CORVALLIS, Ore. - The bacterial communities that live inside everyone are quite similar and stable when times are good, but when stress enters the equation, those communities can react very differently from person to person.
A microbiological version of the "Anna Karenina principle," it's a new paradigm suggested by scientists at Oregon State University -- one that has key implications for a more personalized approach to antibiotic therapy, management of chronic diseases and other aspects of medical care.
The principle gets its name from the opening line of the novel "Anna Karenina" by 19th century Russian author Leo Tolstoy: "All happy families are alike; each unhappy family is unhappy in its own way."
It turns out that this observation also applies to perturbed microbiotas of humans and animals.
"When microbiologists have looked at how microbiomes change when their hosts are stressed from any number of factors - -temperature, smoking, diabetes, for example -- they've tended to assume directional and predictive changes in the community," said Rebecca Vega Thurber, corresponding author on the perspective study funded by the National Science Foundation. "After tracking many datasets of our own we never seemed to find this pattern but rather a distinct one where microbiomes actually change in a stochastic, or random, way."
Findings were published today in Nature Microbiology.
Lead author Jesse Zaneveld of the University of Washington-Bothell collaborated with Vega Thurber and her student, Ryan McMinds, to survey the literature on microbial changes caused by perturbation. Together they found those stochastic changes to be a common occurrence, but one that researchers have tended to discard as "noise" rather than report.
"Thus we present the Anna Karenina principle for microbiomes," Vega Thurber said. "When microbiomes are happy they are all similar in their composition but during stress or unhappiness they change in a multitude of distinct ways. This piece draws together diverse microbiome research. We think this is an important emerging paradigm for thinking about microbiome data. We present ways of identifying it and distinguishing it from other patterns."
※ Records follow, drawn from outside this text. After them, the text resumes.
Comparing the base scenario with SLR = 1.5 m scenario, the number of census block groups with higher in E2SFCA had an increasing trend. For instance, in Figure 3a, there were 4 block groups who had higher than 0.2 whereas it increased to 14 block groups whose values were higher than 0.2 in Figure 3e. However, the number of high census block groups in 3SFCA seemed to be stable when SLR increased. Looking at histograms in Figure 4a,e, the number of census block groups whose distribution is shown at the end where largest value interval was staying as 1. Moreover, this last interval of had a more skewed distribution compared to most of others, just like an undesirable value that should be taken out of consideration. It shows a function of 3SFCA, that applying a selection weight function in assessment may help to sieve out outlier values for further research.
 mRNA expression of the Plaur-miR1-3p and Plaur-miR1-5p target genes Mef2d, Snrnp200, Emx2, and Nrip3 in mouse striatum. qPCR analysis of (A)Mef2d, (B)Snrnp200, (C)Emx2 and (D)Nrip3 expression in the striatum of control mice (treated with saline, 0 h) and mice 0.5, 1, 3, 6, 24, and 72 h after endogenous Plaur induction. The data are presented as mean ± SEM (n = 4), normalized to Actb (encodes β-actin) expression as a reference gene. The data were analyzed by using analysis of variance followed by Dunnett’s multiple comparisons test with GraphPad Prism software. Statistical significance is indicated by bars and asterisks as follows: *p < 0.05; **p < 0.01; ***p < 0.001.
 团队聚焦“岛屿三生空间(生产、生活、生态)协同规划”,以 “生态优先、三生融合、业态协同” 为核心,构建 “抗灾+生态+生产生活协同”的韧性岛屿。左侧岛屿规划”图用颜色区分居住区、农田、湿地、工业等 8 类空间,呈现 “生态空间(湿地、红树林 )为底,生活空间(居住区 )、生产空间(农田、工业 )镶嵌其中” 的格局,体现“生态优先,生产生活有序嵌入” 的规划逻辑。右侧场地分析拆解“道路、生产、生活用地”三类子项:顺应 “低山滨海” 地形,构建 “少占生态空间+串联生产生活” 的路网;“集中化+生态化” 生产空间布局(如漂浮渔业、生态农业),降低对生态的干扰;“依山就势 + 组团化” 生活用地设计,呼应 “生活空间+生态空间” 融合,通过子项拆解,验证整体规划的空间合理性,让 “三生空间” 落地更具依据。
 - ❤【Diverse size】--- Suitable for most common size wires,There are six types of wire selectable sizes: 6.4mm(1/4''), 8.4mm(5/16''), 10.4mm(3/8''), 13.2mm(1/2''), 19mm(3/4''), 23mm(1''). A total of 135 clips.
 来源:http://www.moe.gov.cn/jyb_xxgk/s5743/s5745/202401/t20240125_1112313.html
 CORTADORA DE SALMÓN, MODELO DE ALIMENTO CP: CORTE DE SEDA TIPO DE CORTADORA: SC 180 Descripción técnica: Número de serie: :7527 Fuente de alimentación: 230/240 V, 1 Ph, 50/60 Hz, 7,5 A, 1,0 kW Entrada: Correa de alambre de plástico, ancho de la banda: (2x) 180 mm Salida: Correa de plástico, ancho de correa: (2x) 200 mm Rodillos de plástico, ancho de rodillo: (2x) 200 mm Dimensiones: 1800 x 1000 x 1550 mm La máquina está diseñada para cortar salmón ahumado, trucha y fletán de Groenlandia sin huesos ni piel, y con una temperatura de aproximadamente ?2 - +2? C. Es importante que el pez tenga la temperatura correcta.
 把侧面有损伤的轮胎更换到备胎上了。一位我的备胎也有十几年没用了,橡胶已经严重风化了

In addition to the literary reference, Vega Thurber offers a wintry metaphor to explain what she and her collaborators have discovered.
"When healthy our microbiomes look alike, but when stressed each one of us has our own microbial snowflake," she said. "You or I could be put under the same stress, and our microbiomes will respond in different ways - that's a very important facet to consider for managing approaches to personalized medicine. Stressors like antibiotics or diabetes can cause different people's microbiomes to react in very different ways."
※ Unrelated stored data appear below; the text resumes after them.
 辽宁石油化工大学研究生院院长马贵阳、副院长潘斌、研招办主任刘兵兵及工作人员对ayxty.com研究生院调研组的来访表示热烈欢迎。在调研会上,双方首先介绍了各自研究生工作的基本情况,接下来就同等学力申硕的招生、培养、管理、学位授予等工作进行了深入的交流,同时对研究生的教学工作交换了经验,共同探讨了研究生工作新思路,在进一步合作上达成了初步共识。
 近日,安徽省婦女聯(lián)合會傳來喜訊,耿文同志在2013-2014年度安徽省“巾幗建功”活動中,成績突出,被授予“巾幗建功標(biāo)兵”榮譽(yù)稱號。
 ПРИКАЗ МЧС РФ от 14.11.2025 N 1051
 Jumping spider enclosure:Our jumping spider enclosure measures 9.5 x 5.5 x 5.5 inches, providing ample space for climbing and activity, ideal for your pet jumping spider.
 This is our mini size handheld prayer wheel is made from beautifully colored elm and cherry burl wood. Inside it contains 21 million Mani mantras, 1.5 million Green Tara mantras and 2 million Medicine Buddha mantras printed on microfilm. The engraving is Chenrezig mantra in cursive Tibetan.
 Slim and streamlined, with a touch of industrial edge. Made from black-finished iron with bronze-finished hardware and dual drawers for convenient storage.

Humans and animals are filled with symbiotic communities of microorganisms that often fill key roles in normal physiological function and also influence susceptibility to disease. Predicting how these communities of organisms respond to perturbations -- anything that alters the systems' function -- is one of microbiologists' essential challenges.
Studies of microbiome dynamics have typically looked for patterns that shift microbiomes from a healthy stable state to a dysbiotic stable state; dysbiosis refers to the microbial communities being out of their natural balance, which can result in the interruption of basic biological functions for the host person or animal.
"The Anna Karenina principle is a complementary alternative," Vega Thurber said. "The changes induced by many perturbations lead to transitions from stable to unstable community states -- dysbiotic individuals vary more in microbial community composition than healthy individuals."
Scientists found patterns consistent with Anna Karenina effects in a range of systems, from corals exposed to above-average temperatures to the lungs of smokers to patients suffering from HIV/AIDS.
"Our message to researchers is, don't throw out these observations as noise, but include this principle in the microbiome pipelines and software so that scientists can press a button that gives you the answer to, 'Do I see the Anna Karenina principle in the dataset,'" Vega Thurber said.
OSU researchers have already given multiple presentations on the principle and it's been well received in the microbiology community, Vega Thurber said.